Re: [PATCH] fs/mbcache: make count_objects more robust.
From: Jan Kara
Date: Mon Jan 08 2018 - 04:21:23 EST
On Fri 05-01-18 08:54:56, jiang.biao2@xxxxxxxxxx wrote:
> > On Mon 27-11-17 11:30:19, Jiang Biao wrote:
> > > When running ltp stress test for 7*24 hours, the vmscan occasionally
> > > complains the following warning continuously,
> >>
> >> mb_cache_scan+0x0/0x3f0 negative objects to delete
> >> nr=-9232265467809300450
> >> ...
> >>
> >> The tracing result shows the freeable(mb_cache_count returns)
> >> is -1, which causes the continuous accumulation and overflow of
> >> total_scan.
> >>
> >> This patch make sure the mb_cache_count not return negative value,
> >> which make the mbcache shrinker more robust.
> >>
> >> Signed-off-by: Jiang Biao <jiang.biao2@xxxxxxxxxx>
> >
> > Going through some old email...
> > a) c_entry_count is unsigned so your patch is a nop as Coverity properly
> > noticed.
> Indeed, would the following casting be good?
> + if (unlikely((int)(cache->c_entry_count) < 0))
> + return 0;
That check would at least have a chance of hitting but still it is just
hiding the real problem.
> > b) c_entry_count being outside 0..2*cache->c_max_entries is a plain bug. I
> > went through the logic and cannot find out how that could happen though.

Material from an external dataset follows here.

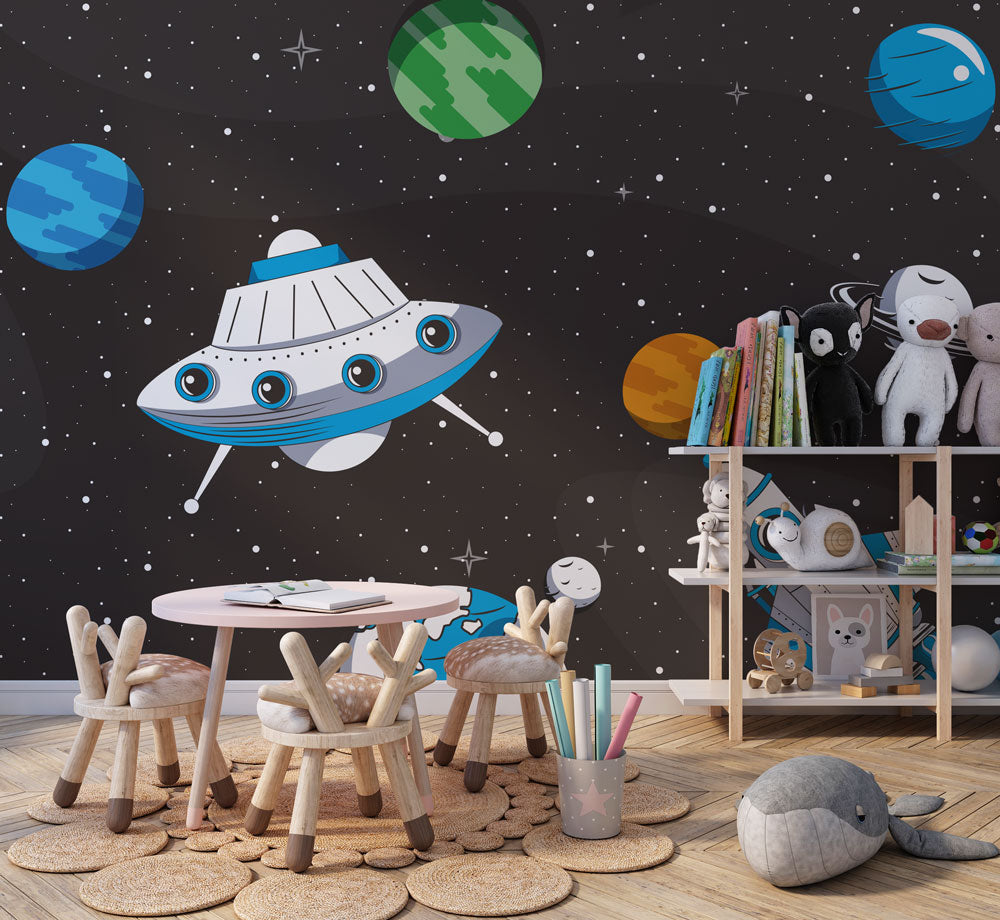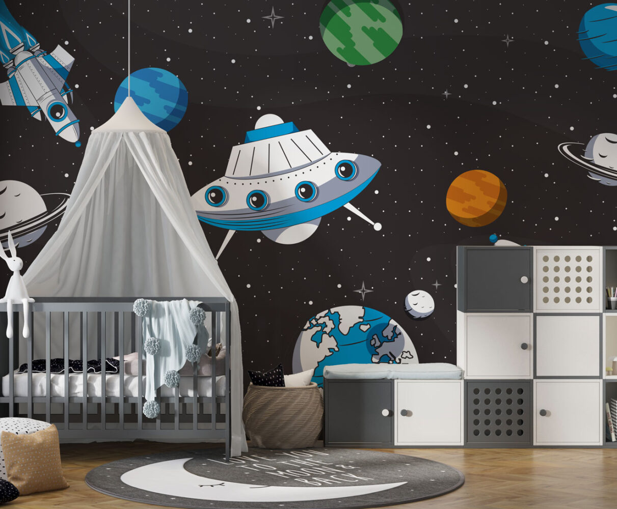 Uzay Boşluğundaki Yıldızlar ve Gezegenler Duvar Kağıdı üretimi, uygulanmasını isteyeceğiniz boyut ve konumuna uygun olarak talepleriniz doğrultusunda size özel imal edilir.

> Is there any possibility that decreasing c_entry_count from 0 to -1
> in mb_cache_entry_delete?
If we think we have -1 entries in a list, we have a larger problem than
just the wrong behavior of the shrinker. This is just a plain counter of
entries protected by a spinlock so there isn't space for accounting errors
or anything like that. If you can reproduce the problem on some reasonably
recent kernel, I'd be interested in debugging this.
Honza
--
Jan Kara <jack@xxxxxxxx>
SUSE Labs, CR